Interpreting the total score
After summing all eight domains, compare the total to the prespecified threshold. Among patients who meet the entry criterion and who do not qualify via the sufficient criterion, a total of 8 or more fulfills the 2015 ACR/EULAR classification definition of gout. Totals below 8 mean the framework does not classify the individual as having gout, even though early, atypical, or partially treated disease may still be present in real clinical life.
Because negative weights exist, totals can theoretically be driven downward in scenarios combining very low serum urate with MSU-negative synovial fluid—mirroring expert consensus that those findings substantially reduce gout probability in structured classification, without claiming absolute rule-out in every patient.
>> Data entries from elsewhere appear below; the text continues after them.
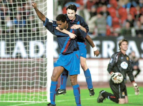 Iniesta và đàn anh Kluivert trong trận ra mắt La Liga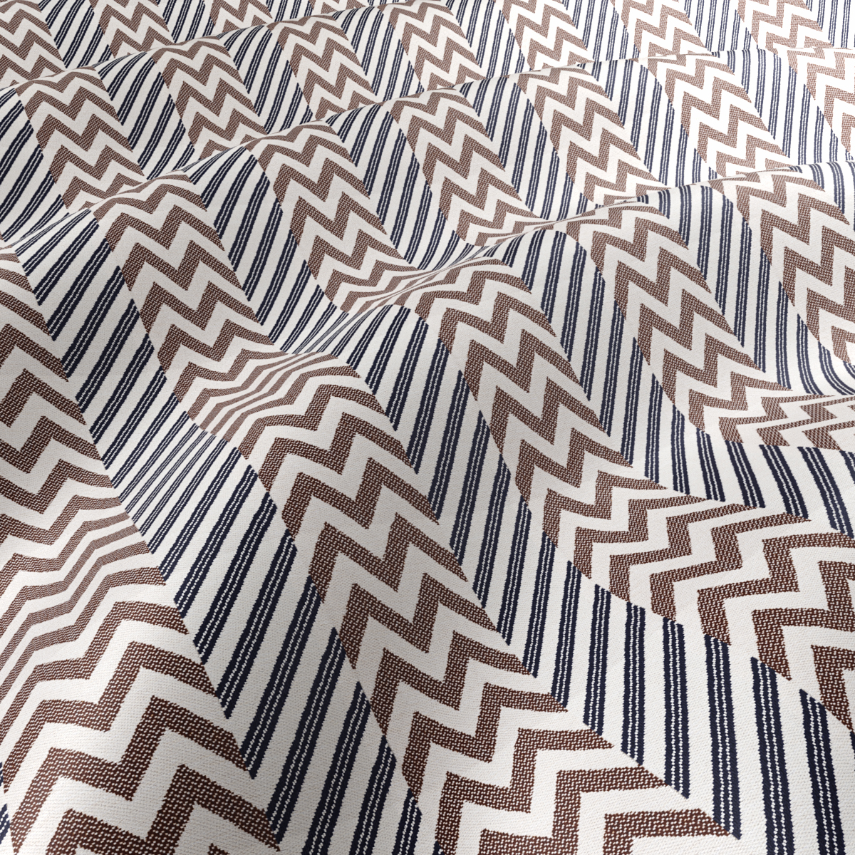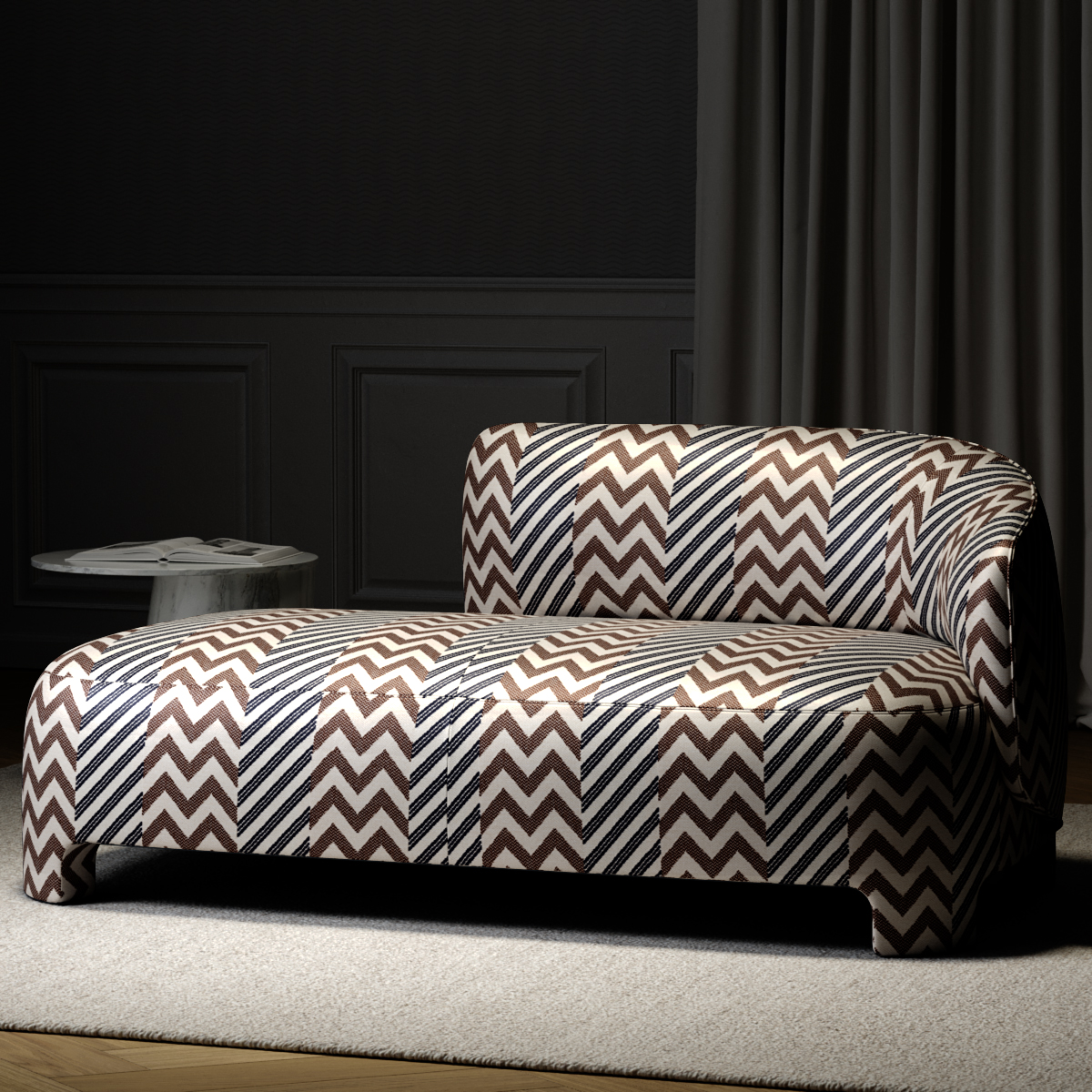 VALBONNE trägt breite vertikale Streifen als modernistisches Fischgrätenmuster und besticht durch sein Spiel mit dem Farben. Die Neuinterpretation in Jacquard ist von eleganten Schussfäden mit natürlicher Struktur durchzogen.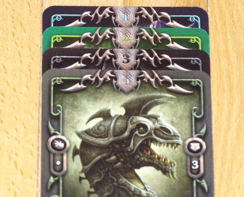 Każdy smok poza ilustracją, nazwą i cechą specjalną, posiada trzy liczby. Na górze mamy liczbę kart walki dociąganą w fazie walki w zwarciu, po lewej liczbę kart do ataku dystansowego, po prawo do obrony przed tymże. W momencie wykonywania ataku dystansowego, gracz atakujący dobiera liczbę kart walki nie większą niż liczba po lewej stronie karty smoka. Na każdej karcie walki znajdziemy pięć rzeczy. W tym momencie interesują nas tylko białe gwiazdki po lewej i prawej stronie karty. Po lewo, oznaczoną symbolem ataku, mamy siłę karty przy ataku dystansowym, a po prawo przy obronie, wartość defensywy. Jeśli atakujący uzyska więcej symboli ataku, niż przeciwnik obrony, to górny smok (ten ostatnio wystawiony) przeciwnika ginie.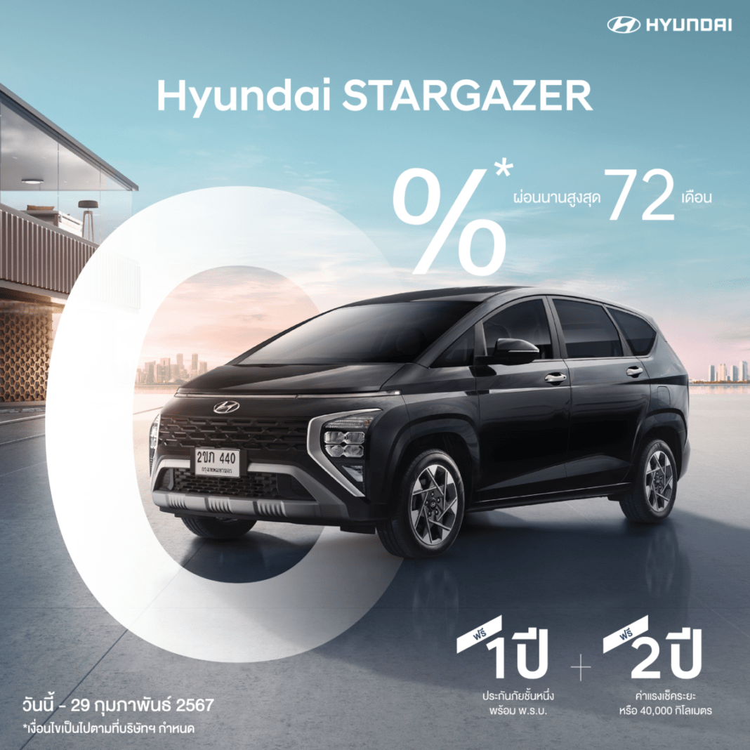 กรุงเทพฯ 12 มกราคม 2567 : ฮุนได โมบิลิตี้ (ประเทศไทย) ต้อนรับศักราชใหม่ด้วยโปรโมชั่นพิเศษ ให้คุณเป็นเจ้าของฮุนไดคันใหม่ง่ายกว่าเดิม เป็นของขวัญปีใหม่สำหรับท่านและคนที่คุณรัก สงวนสิทธิ์สำหรับผู้ที่สั่งซื้อรถยนต์ฮุนไดรุ่นที่ร่วมรายการภายในเดือนกุมภาพันธ์ 2567 เท่านั้น โดยข้อเสนอพิเศษมีทั้งดอกเบี้ยเริ่มต้น 0%, ดอกเบี้ยอัตราพิเศษ, ฟรี ประกันภัยชั้นหนึ่งพร้อม พ.ร.บ. และ ฟรี ค่าแรงเช็คระยะสูงสุด 3 ปี หรือ 60,000 กิโลเมตร(3)

Classification versus diagnosis in practice
In clinical medicine, diagnosis integrates history, examination, accessible tests, comorbidities, and treatment response. The 2015 criteria instead answer a narrower, study-oriented question: does this person meet an operational definition suitable for enrollment and comparison across centers? A patient might appropriately receive urate-lowering therapy based on clinical judgment without meeting classification, or might meet classification yet require alternative explanations considered by the treating team in an individual case.
When crystal identification is feasible, joint or tophus aspiration with competent microscopy remains central to diagnostic confidence even though the classification instrument can perform well without it in selected research analyses—reflecting trade-offs between specificity and feasibility across healthcare settings.